2021-03-29T12:44:28.853178Z     info    Proxy role      ips=[10.22.46.129] type=sidecar id=test-deploy-dns-5448c4996d-8m5rk.test-ns domain=test-ns.svc.cluster.local
2021-03-29T12:44:28.853187Z     info    JWT policy is third-party-jwt
2021-03-29T12:44:28.853198Z     info    Pilot SAN: [istiod.istio-system.svc]

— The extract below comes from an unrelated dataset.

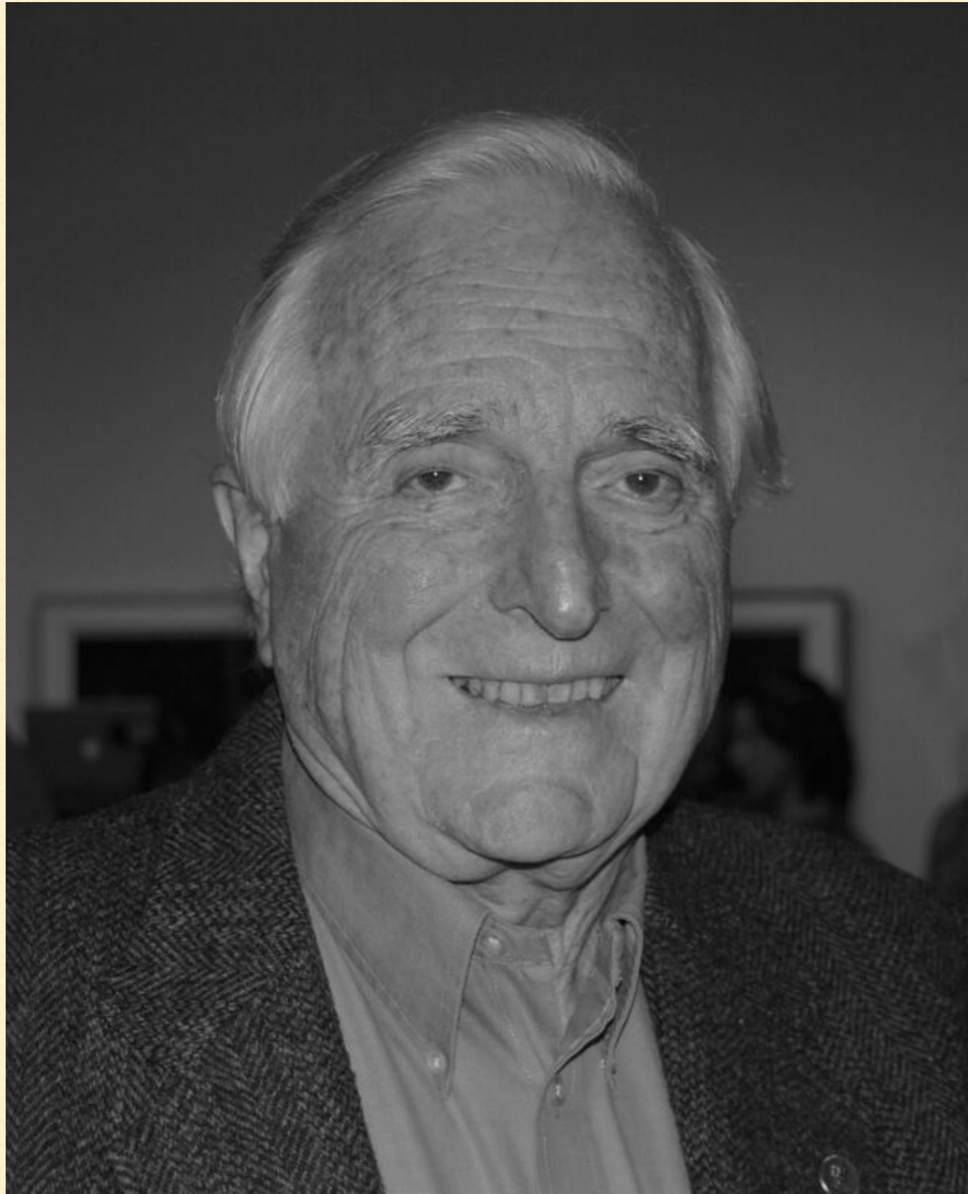
Douglas Engelbart - twórca idei myszy komputerowej

2021-03-29T12:44:28.853206Z     info    CA Endpoint istiod.istio-system.svc:15012, provider Citadel
2021-03-29T12:44:28.853244Z     info    Using CA istiod.istio-system.svc:15012 cert with certs: var/run/secrets/istio/root-cert.pem
2021-03-29T12:44:28.853341Z     info    citadelclient   Citadel client using custom root cert: istiod.istio-system.svc:15012
2021-03-29T12:44:28.886213Z     info    ads     All caches have been synced up in 35.295685ms, marking server ready
2021-03-29T12:44:28.886528Z     info    sds     SDS server for workload certificates started, listening on "./etc/istio/proxy/SDS"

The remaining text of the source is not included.